Give learners 10 minutes to think of three facts they already know about TDD and have them put those on a virtual board for everybody to see. Then, take another ~10 minutes to have participants present the facts they had put on the board. When you are not satisfied with one of the facts, ask the other participants what they think about it. This activity connects learners to the things they already know. Typically, developers have already heard at least something about the topic. When they connect to these things first, it will help them evaluate what they had learned in the training.

Theory (10 minutes)

After that comes the only part of the training that is dry instruction. Take ten quick minutes to explain the essentials of the TDD workflow. The three rules of TDD provide a good start, but you probably want to explain the whole workflow.

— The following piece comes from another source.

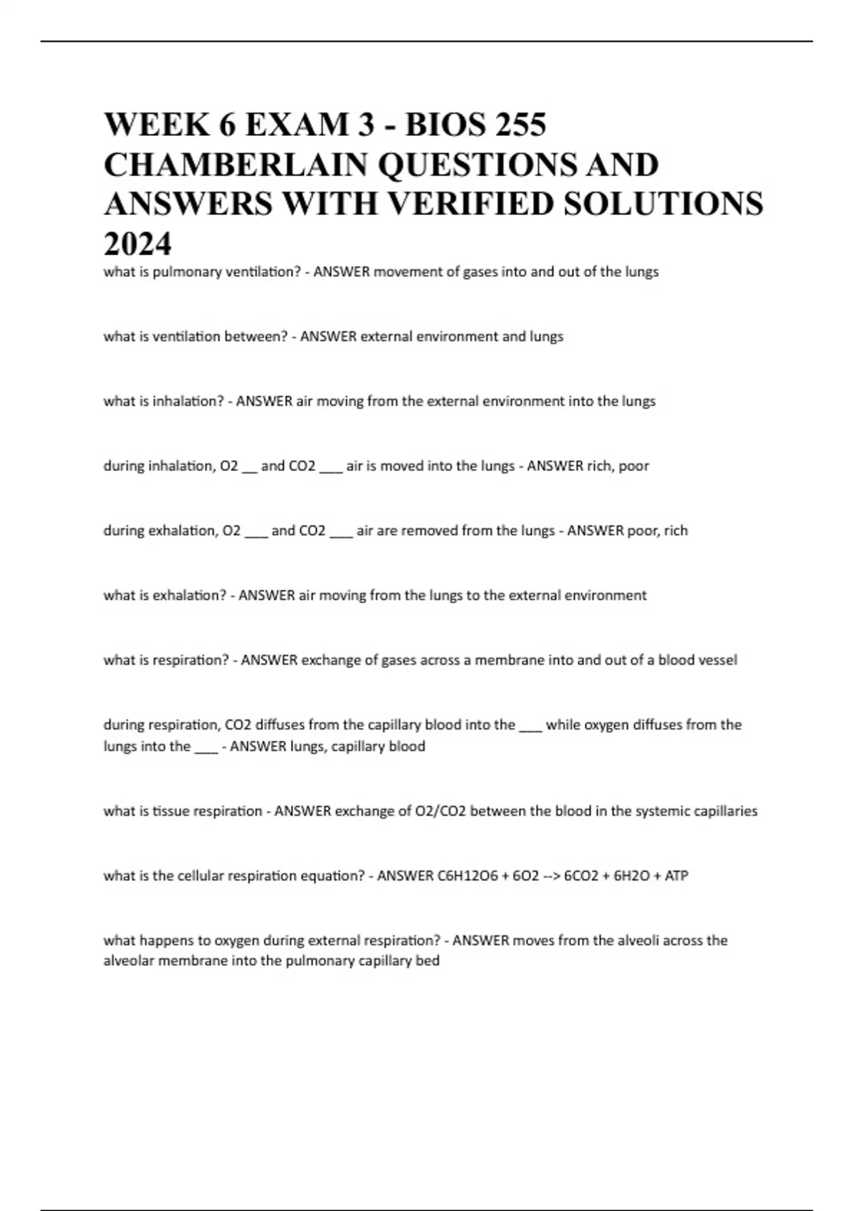 WEEK 6 EXAM 3 - BIOS 255 CHAMBERLAIN QUESTIONS AND ANSWERS WITH VERIFIED SOLUTIONS 2024

This wiki page gives a nice overview of all the steps involved.

Short Break (10 minutes)

At this point, we are typically 30-40 minutes into the training, and it’s an opportunity to have a 10-minute break. After that, continue with the practical coding part.

Practical FizzBuzz (60 minutes)

The kata I choose for this exercise is FizzBuzz, as it is pretty simple and can be completed within the available time. It should help with creating the feeling of having accomplished something which makes the learning stick longer. Also, we don’t want to confuse learners with a design challenge. That’s not the focus here. The focus is on the TDD workflow and the thought process and decision-making behind it. A bit of sugar on top is the opportunity to use a parameterized test, which learners often find interesting. The kata is being worked on in a special mob where everybody is assigned a specific role.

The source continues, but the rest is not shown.